The trite law is that the powers to manage the affairs of a company are given to the Board of Directors, and they are responsible for the monitoring of the overall performance of the Company. However, this is not an avenue for the directors to mismanage the affairs of the company or abuse their powers.

As shown by the facts, the focal point that eventually degenerated was the loan acquisition by the Chairman of FBN Holdings, Oba Otudeko, and the refusal of the FBN Chairman and members of the bank’s board to obey the CBN’s directives.

While insider lending in itself is not illegal, it is subject to regulations, one of which is that insiders should not get any special treatment, incentives, or privileges not accorded to regular customers of the bank.
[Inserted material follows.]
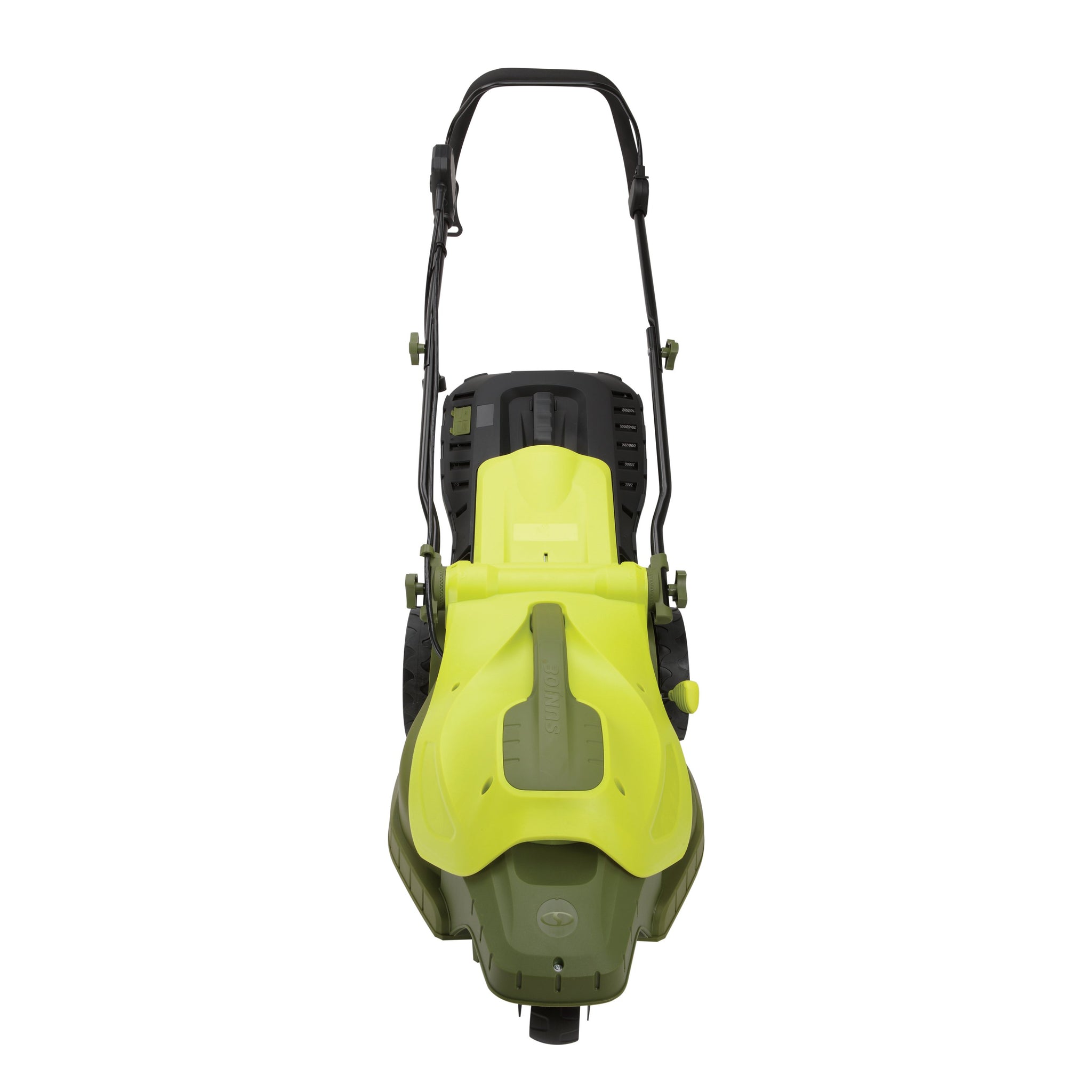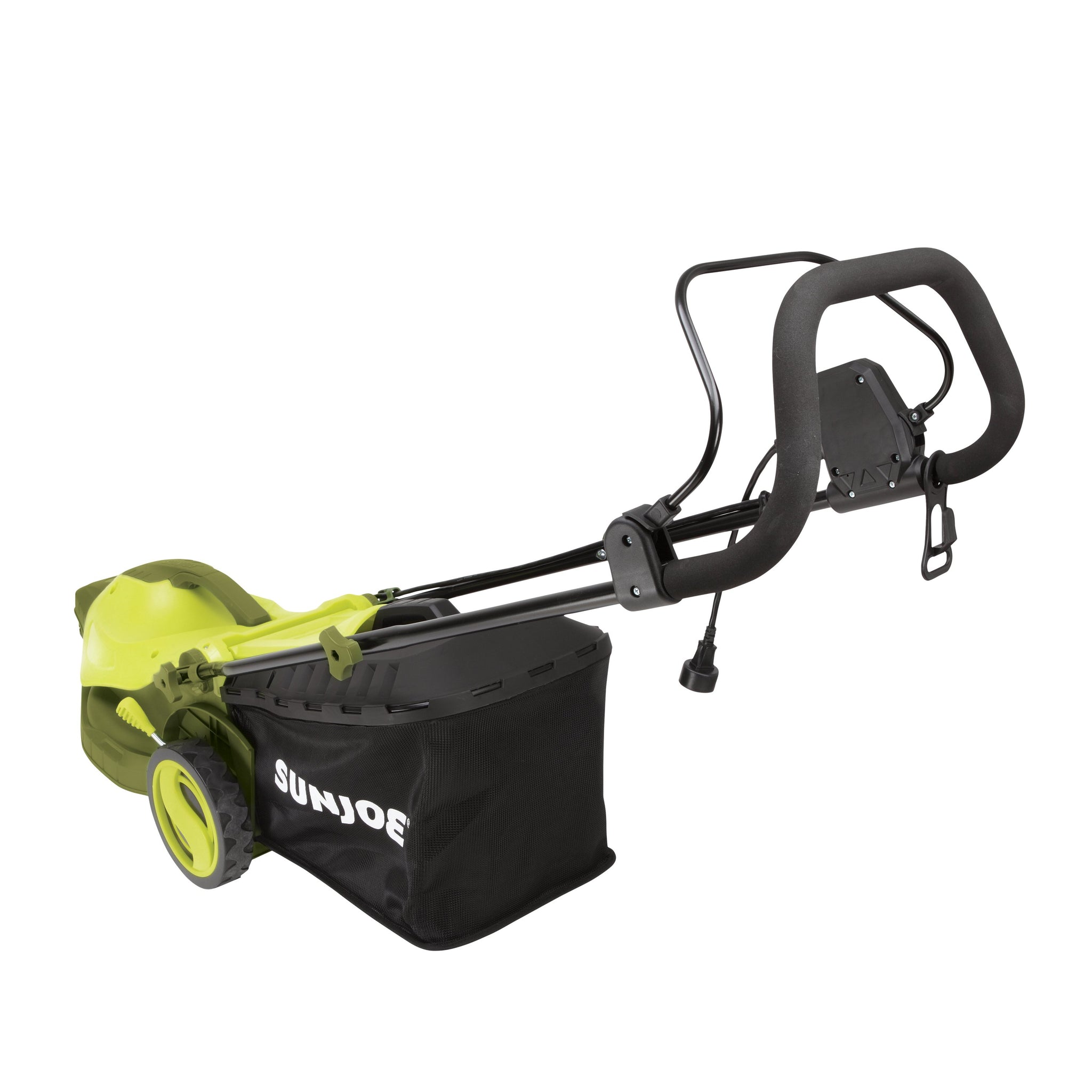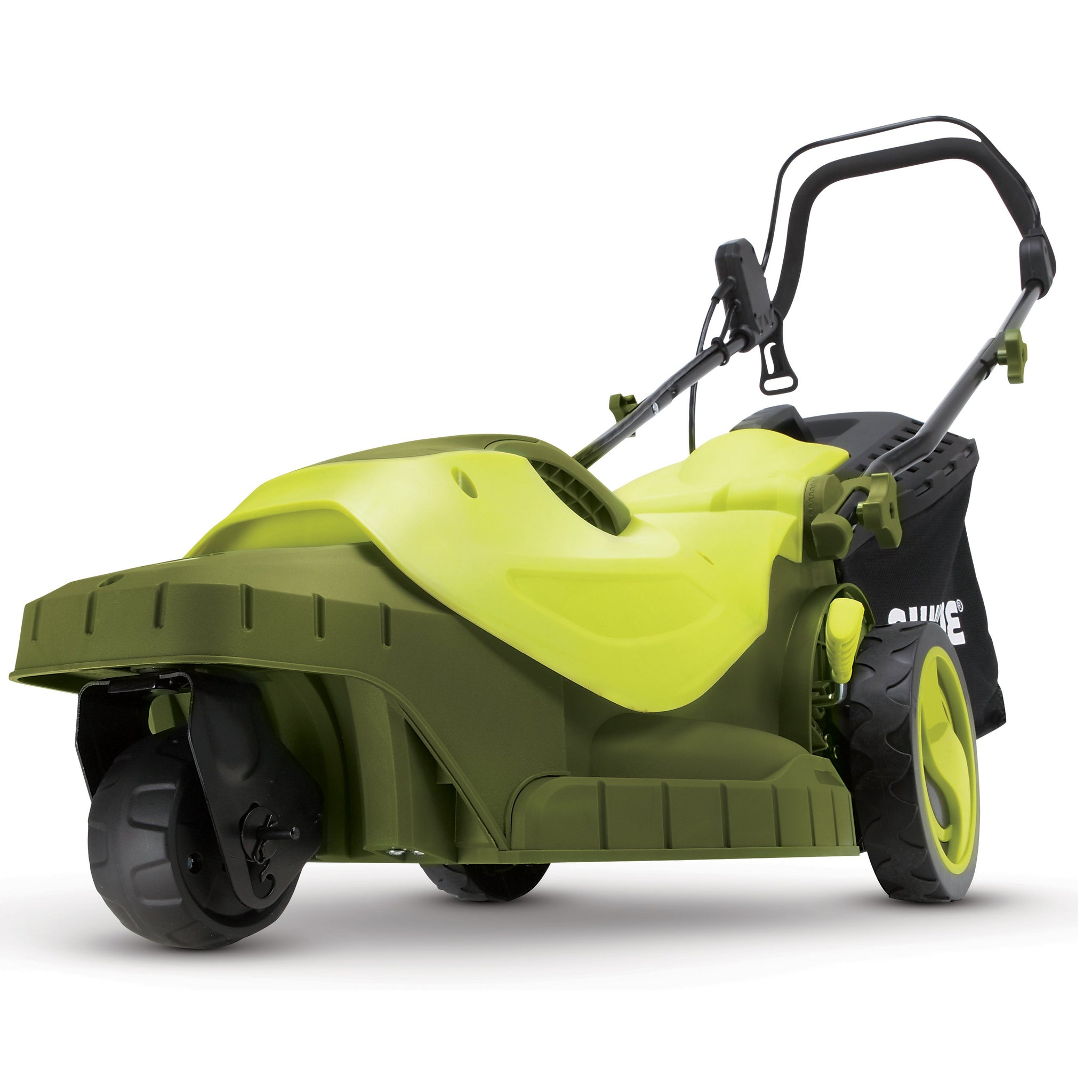 DO MORE WITH LESS THAN 4!  Mow with Joe and go with a trio of wheels for the closest cut yet! SUN JOE's single nose wheel provides maximum maneuverability, the tightest turning ratio, and unparalleled precision to easily pivot beneath hedges, and up close around trees or flower beds. The powerful 12 AMP electric motor ensures care-free continuous cutting, and the 16" wide cutting deck, 4-position adjustable cutting height, plus removable 9.25 gal collection bag allow you tailor your turf with unparalleled precision.
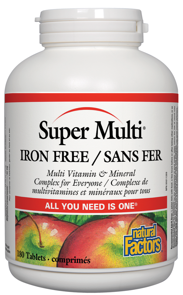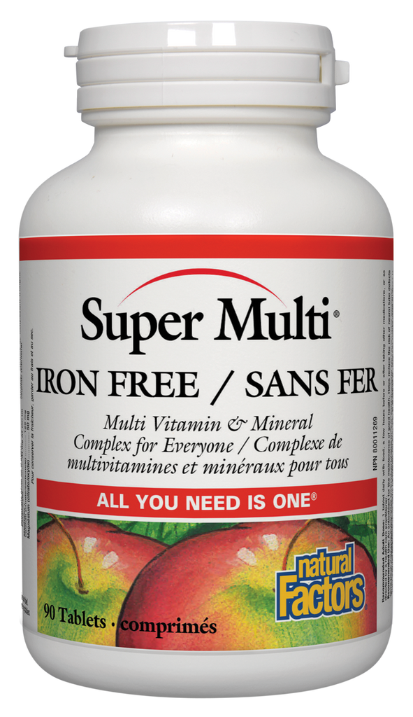 Natural Factors Super Multi Iron Free supplies a broad spectrum of vitamins, minerals, and synergistic antioxidants from citrus bioflavonoids, rutin, and hesperidin. This is an excellent medium strength one-per-day multivitamin/mineral tablet ideal for men, menopausal women, and others not requiring iron.

It would appear that the Directors involved clearly did not act in the best interest of the company, and were in breach of their fiduciary duty to the company. The Code of Corporate Governance for Banks and Discount Houses, 2014 (as amended) on responsibilities of the Board and Management, provides thus:

“The Board is accountable and responsible for the performance and affairs of the bank. Specifically, and in line with the provisions in the Companies and Allied Matters Act (CAMA) 1990, Directors owe the banks the duty of care and loyalty to act in the interest of the bank’s employees and other stakeholders.” The 2018 Nigerian Code of Corporate Governance (NCCG) for companies directs the Board of every company to develop and establish mechanisms to foster a strong ethical culture. Principle 25 of the NCCG, provides thus:

“ The establishment of policies and mechanisms for monitoring insider trading,
related party transactions, conflict of interest and other corrupt activities, mitigates
the adverse effects of these abuses on the company and promotes good ethical
conduct and investor confidence.” Based on the foregoing, it is apparent that the failure of the board of FBN to call in a nonperforming loan of Seventy-Five Billion Naira was inimical to the overall interest of the bank and its shareholders.

CONCLUSION The aim of every officers of a company should be to achieve the objects for which the company was formed, but more importantly while doing so, to ensure strict compliance with all ethical standards, best practices and relevant laws.

Doing otherwise reveals a very weak corporate governance structure, and also exposes the company to operational, financial and reputational risks. The fiduciary duty the board owes to the company, as well as compliance with regulatory directives is imperative to business and non-negotiable.

Failure to comply with regulatory laws and directives come with attendant consequences for the board, including losing investors’ trust, stunted growth of the company and stiff penalties against individual officers.